Consensus is that, at its best, Barbera is all about a vibrant berry-cherry fruit expression, a refreshing acidity, minimal tannin, and a hint of earthiness. It’s also understood that of the Cal-Ital wines/grapes, Nebbiolo and Sangiovese seem quite site-specific while Barbera is more malleable. To make things yet more challenging for Barbera in California, it has sometimes been viewed as a Zin surrogate which, in conjunction with some less-than-stellar early California efforts with fellow Cal-Ital grape Sangiovese, may have resulted in a “Cal-Ital stigma” that has been applied to any domestic wine made from Italian grape varieties. And for the best of Golden State Barberas, that is a real shame.
The choice here is to use them or not. There are some great old Barbera vines in choice spots in California’s Lodi and Amador counties. While one does not see producers frequently label wines as “Old Vines,” “Ancient Vines,” and “Heritage Vines,” you can sense a profundity to these bottlings. Additional factors to consider include low yields, in concert with a ceiling to the price that Barbara can command on the open market and, as such, whether or not it is worth continuing to farm those old vines? The choice is for each winery to make.
What it does:
Old vines produce lower yields which equates to more concentrated fruit.
The organoleptic results are always worth it -- deeper, richer flavors, and somewhat greater mouth volume. The cost of farming and amount of harvested fruit per vine may not be. The decision is therefore personal and emotional, and commercial.
What it does:
Proponents of wild yeast embrace the unique flavors attached to “place,” including savory and matchstick-like aromas that many love and associate with minimal intervention. Cultivated yeasts are more predictable and can be selected/customized to contribute specific flavors and aromas.
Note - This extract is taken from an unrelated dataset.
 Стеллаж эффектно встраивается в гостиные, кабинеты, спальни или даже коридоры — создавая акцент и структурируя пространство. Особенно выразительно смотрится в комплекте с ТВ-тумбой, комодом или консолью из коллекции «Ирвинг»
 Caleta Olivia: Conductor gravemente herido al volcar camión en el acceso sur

Some winemakers blend the two, perhaps starting with native yeast, and reserving use of commercial yeast only if something does not go right (e.g. fixing a stuck fermentation).
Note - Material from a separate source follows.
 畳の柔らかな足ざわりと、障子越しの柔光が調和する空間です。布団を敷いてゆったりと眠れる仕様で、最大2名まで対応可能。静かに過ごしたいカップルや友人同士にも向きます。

The wood employed for most wine barrels, used for aging wine or actual fermentation in the barrel. Barrel decisions include the type of wood, the amount of toast (when the staves of the barrels are bent over an open flame), size (smaller = higher ratio of wood to wine = stronger oak influence) and the age of the barrels.
What it does:
- Chocolate, mocha and vanilla flavors that many identify with some wines come not from the grape, but from oak-aging.
- Heavily toasted barrels impart more intense roasted flavors (caramel, molasses, toffee, coffee and burnt sugar).
- Oak bestows a waxy, velvety texture and can add a perceived sweetness to the wine.
- New oak contributes much more flavor than older, previously used oak which, depending on the wine and the grapes, may be a better choice.
- Small (barrique-size) barrel fermentation at warmer temperatures than those in stainless steel and over shorter increments of time also imparts a richer, smoother texture to the wine.
Today, there is a movement towards keeping the oak in check, i.e., minimizing “over-oaking,” or even using no oak at all. This is just fine for Barbara, which can be easily over-oaked if not adequately managed. While there are some delightful examples of oaked Barbara made in California,most feel that the purity of Barbara’s fruit is easily lost behind the veneer of new oak.
As noted earlier, Barbera is often blended with other red grapes for the purpose of adding acidity to said assemblages.
What it does:
Adds acidity, additional diverse flavors and possibly an extra dimension of complexity.
Blends result in different styles of wine. For example, a deft blending of Barbera with Petite Sirah or other high-tannin wines could make an interesting bottling, with Petite Sirah adding tannin and Barbara contributing acidity.